=== Task item ===
Taking the line with "The most wonderful" as the first and the line with "Με μεγάλη χαρά" as the last, set down exactly every line in that range from the entries below, and no more.

=== Information shown ===
BEGIN

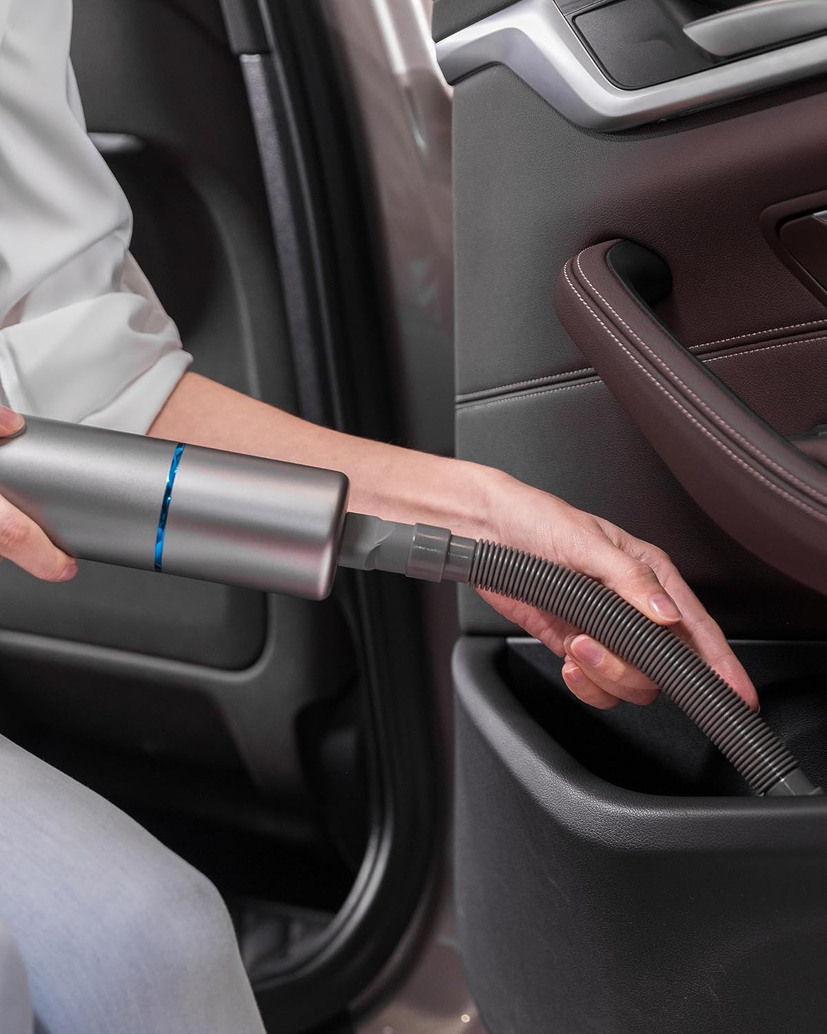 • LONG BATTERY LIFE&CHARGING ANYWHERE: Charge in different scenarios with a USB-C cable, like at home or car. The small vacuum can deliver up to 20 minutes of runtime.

END
BEGIN

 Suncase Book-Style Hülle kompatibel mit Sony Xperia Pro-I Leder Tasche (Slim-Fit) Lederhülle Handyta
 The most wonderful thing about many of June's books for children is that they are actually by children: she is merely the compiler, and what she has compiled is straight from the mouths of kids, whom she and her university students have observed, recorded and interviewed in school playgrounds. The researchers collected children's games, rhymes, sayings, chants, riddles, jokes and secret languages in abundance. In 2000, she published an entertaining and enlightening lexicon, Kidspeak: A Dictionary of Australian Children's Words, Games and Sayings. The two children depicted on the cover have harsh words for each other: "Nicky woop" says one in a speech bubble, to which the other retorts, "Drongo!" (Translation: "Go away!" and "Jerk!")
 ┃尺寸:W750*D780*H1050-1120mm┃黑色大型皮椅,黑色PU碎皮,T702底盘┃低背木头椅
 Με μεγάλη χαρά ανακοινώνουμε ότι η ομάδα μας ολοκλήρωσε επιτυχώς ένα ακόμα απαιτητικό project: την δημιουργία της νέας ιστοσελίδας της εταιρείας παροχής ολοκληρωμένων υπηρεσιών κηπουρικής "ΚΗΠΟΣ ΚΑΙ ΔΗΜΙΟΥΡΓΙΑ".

END
BEGIN

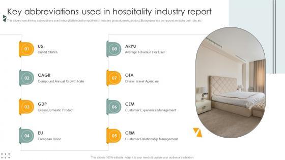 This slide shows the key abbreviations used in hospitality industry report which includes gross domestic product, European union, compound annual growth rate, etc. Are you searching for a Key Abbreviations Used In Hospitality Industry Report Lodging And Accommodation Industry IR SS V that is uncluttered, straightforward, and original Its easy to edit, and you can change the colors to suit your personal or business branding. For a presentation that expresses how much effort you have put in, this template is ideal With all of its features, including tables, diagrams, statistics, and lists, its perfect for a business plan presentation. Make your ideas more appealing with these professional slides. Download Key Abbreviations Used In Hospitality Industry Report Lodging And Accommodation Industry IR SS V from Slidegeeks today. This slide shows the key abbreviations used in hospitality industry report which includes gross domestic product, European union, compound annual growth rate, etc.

END

=== Output for this exercise ===
 The most wonderful thing about many of June's books for children is that they are actually by children: she is merely the compiler, and what she has compiled is straight from the mouths of kids, whom she and her university students have observed, recorded and interviewed in school playgrounds. The researchers collected children's games, rhymes, sayings, chants, riddles, jokes and secret languages in abundance. In 2000, she published an entertaining and enlightening lexicon, Kidspeak: A Dictionary of Australian Children's Words, Games and Sayings. The two children depicted on the cover have harsh words for each other: "Nicky woop" says one in a speech bubble, to which the other retorts, "Drongo!" (Translation: "Go away!" and "Jerk!")
 ┃尺寸:W750*D780*H1050-1120mm┃黑色大型皮椅,黑色PU碎皮,T702底盘┃低背木头椅
 Με μεγάλη χαρά ανακοινώνουμε ότι η ομάδα μας ολοκλήρωσε επιτυχώς ένα ακόμα απαιτητικό project: την δημιουργία της νέας ιστοσελίδας της εταιρείας παροχής ολοκληρωμένων υπηρεσιών κηπουρικής "ΚΗΠΟΣ ΚΑΙ ΔΗΜΙΟΥΡΓΙΑ".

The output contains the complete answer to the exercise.